** Opening Records for the task block **

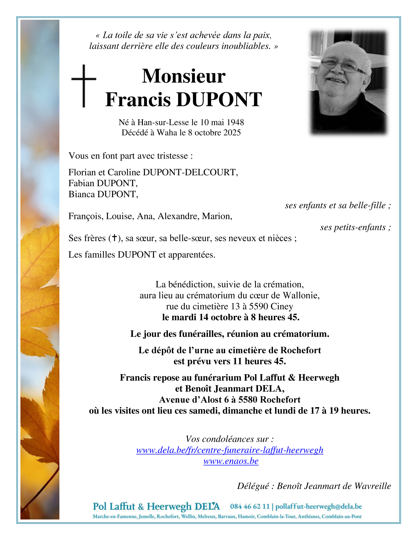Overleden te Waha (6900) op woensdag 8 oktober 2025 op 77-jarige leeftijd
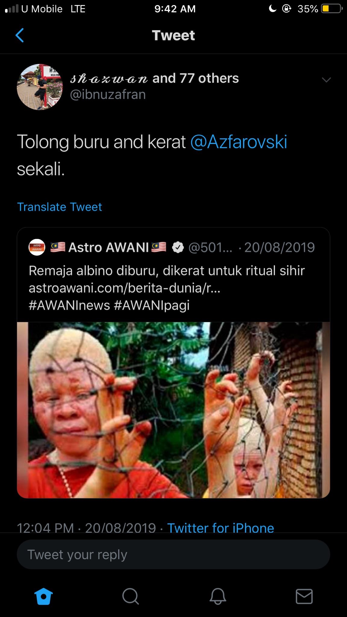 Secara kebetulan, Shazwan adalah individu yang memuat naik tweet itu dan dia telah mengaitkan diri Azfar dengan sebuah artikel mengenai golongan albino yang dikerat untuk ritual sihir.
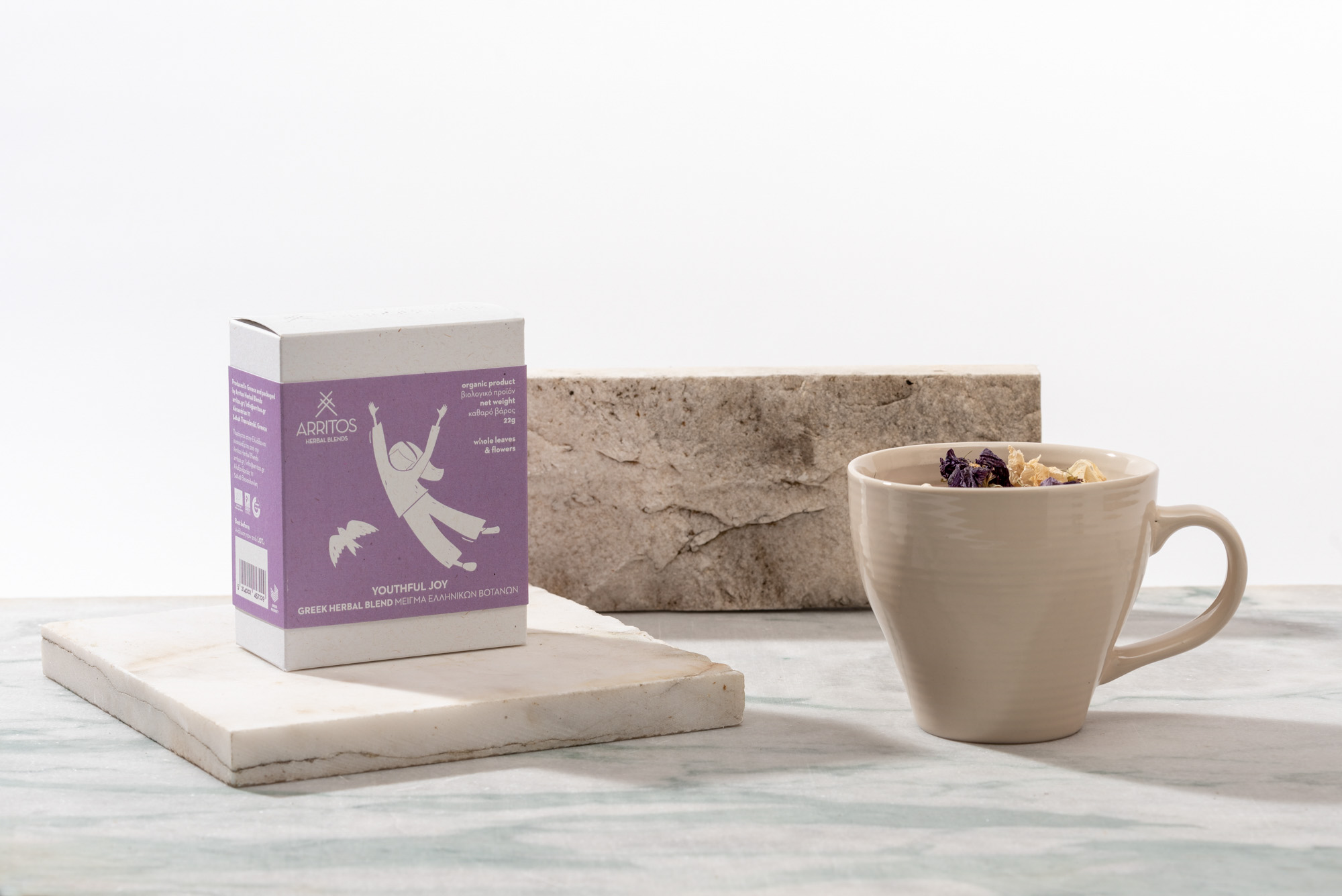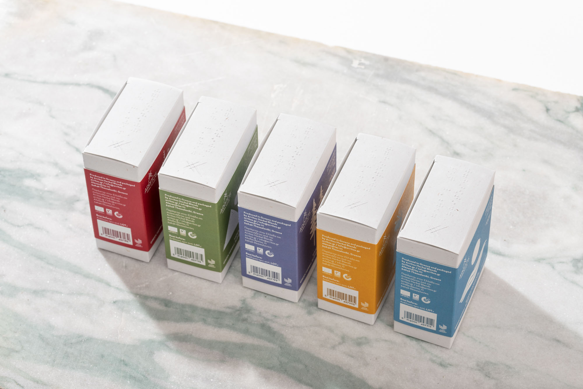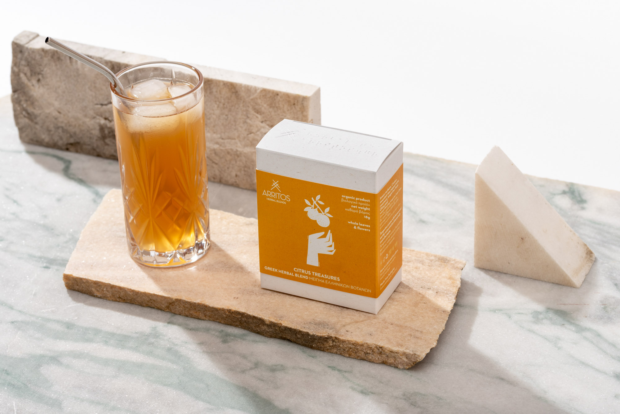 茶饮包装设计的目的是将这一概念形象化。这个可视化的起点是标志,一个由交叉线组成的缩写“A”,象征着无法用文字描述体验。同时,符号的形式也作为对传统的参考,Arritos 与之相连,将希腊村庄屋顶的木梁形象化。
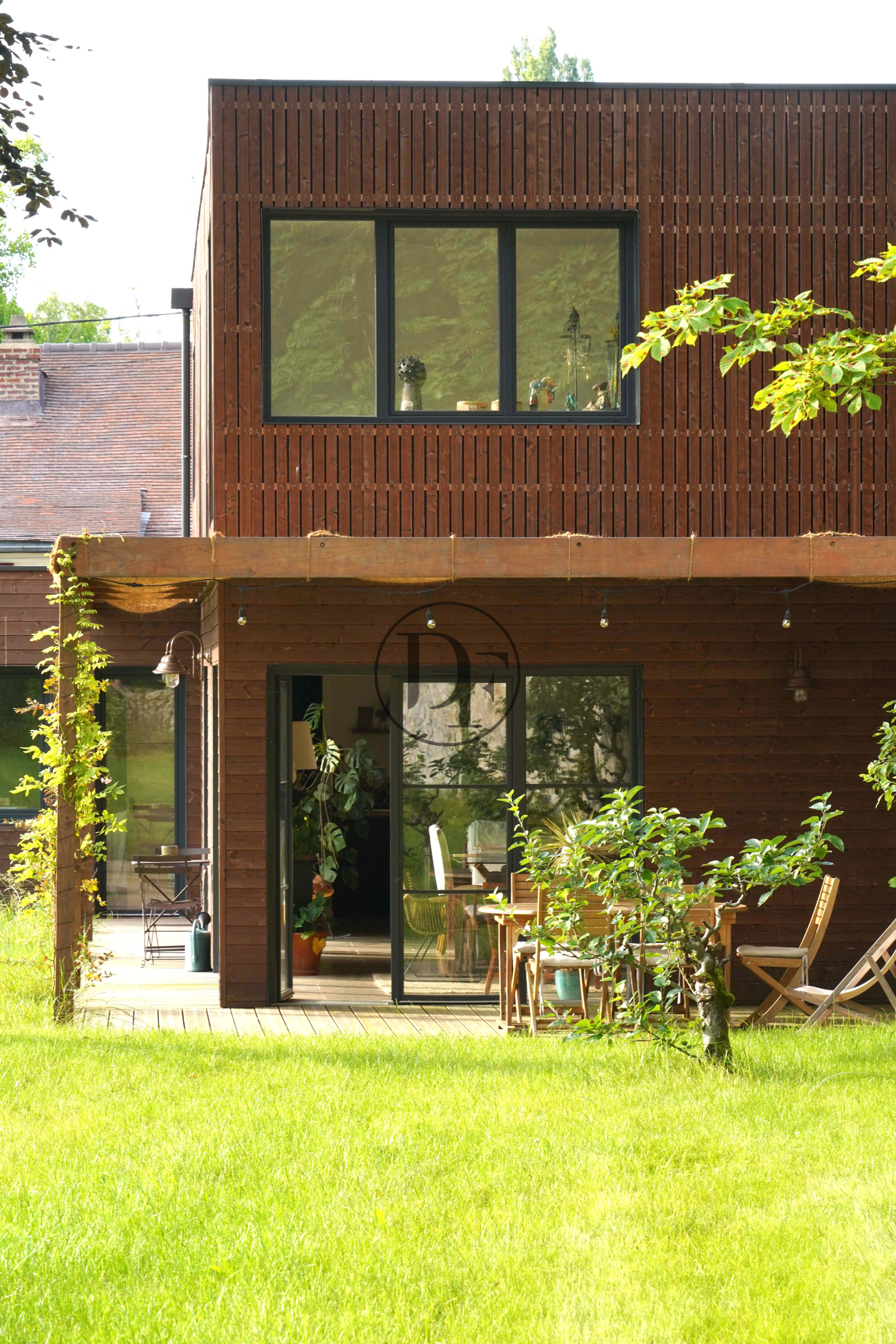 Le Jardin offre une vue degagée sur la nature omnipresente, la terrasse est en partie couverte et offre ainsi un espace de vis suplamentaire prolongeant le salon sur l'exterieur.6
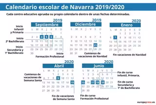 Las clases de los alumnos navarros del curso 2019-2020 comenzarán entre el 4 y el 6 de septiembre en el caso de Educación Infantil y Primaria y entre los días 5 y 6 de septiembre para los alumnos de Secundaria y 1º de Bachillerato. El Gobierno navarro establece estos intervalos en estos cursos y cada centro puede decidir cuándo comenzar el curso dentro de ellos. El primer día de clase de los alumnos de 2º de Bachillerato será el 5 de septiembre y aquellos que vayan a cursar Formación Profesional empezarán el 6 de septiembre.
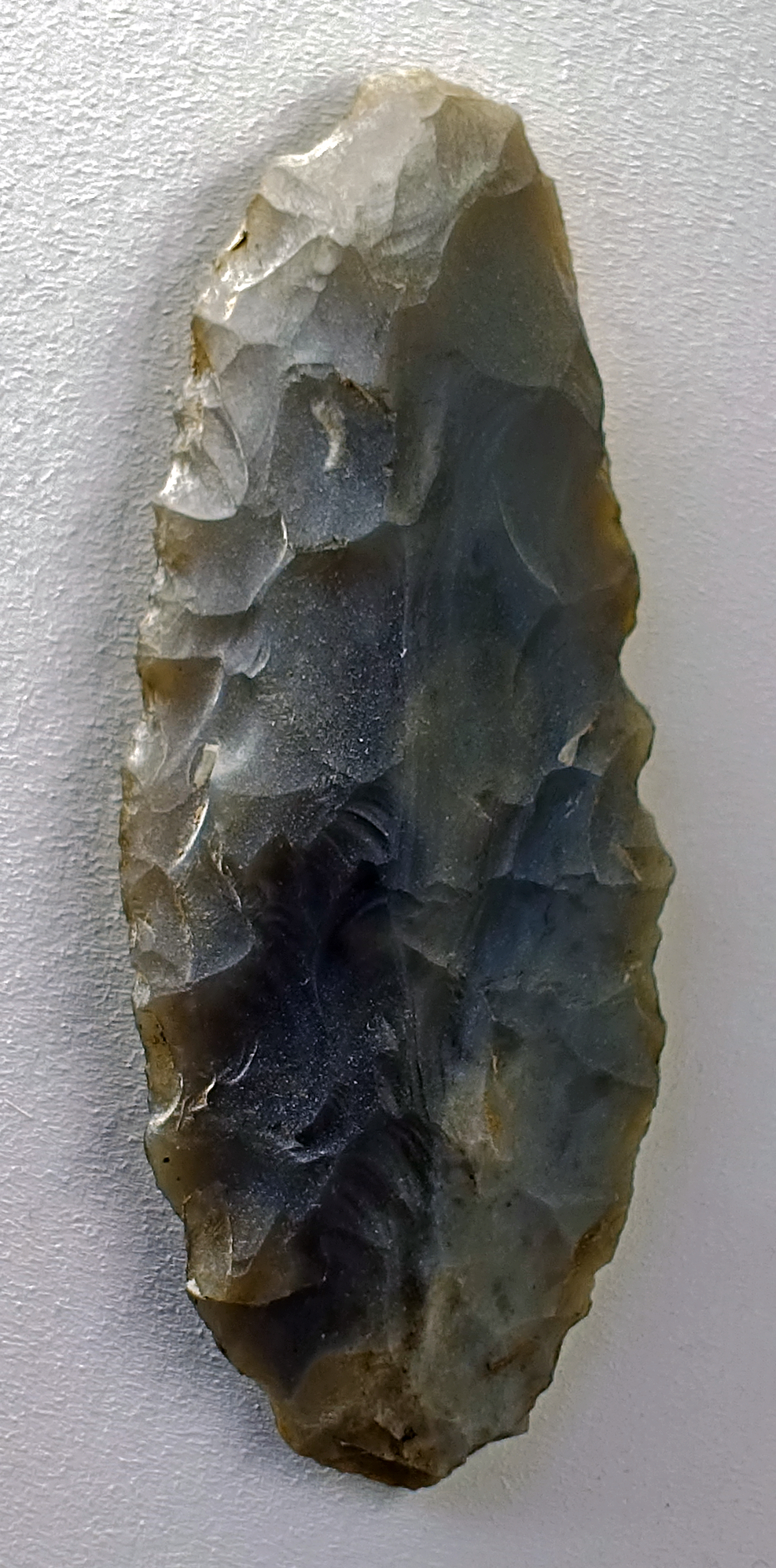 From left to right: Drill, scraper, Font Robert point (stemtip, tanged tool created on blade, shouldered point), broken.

** Closing Records for the task block **

(What to do) Using the data above, return the lines from the one holding "Secara kebetulan, Shazwan" through the one holding "Le Jardin offre" exactly, but not the pictures.

(Response)
 Secara kebetulan, Shazwan adalah individu yang memuat naik tweet itu dan dia telah mengaitkan diri Azfar dengan sebuah artikel mengenai golongan albino yang dikerat untuk ritual sihir.
 茶饮包装设计的目的是将这一概念形象化。这个可视化的起点是标志,一个由交叉线组成的缩写“A”,象征着无法用文字描述体验。同时,符号的形式也作为对传统的参考,Arritos 与之相连,将希腊村庄屋顶的木梁形象化。
 Le Jardin offre une vue degagée sur la nature omnipresente, la terrasse est en partie couverte et offre ainsi un espace de vis suplamentaire prolongeant le salon sur l'exterieur.6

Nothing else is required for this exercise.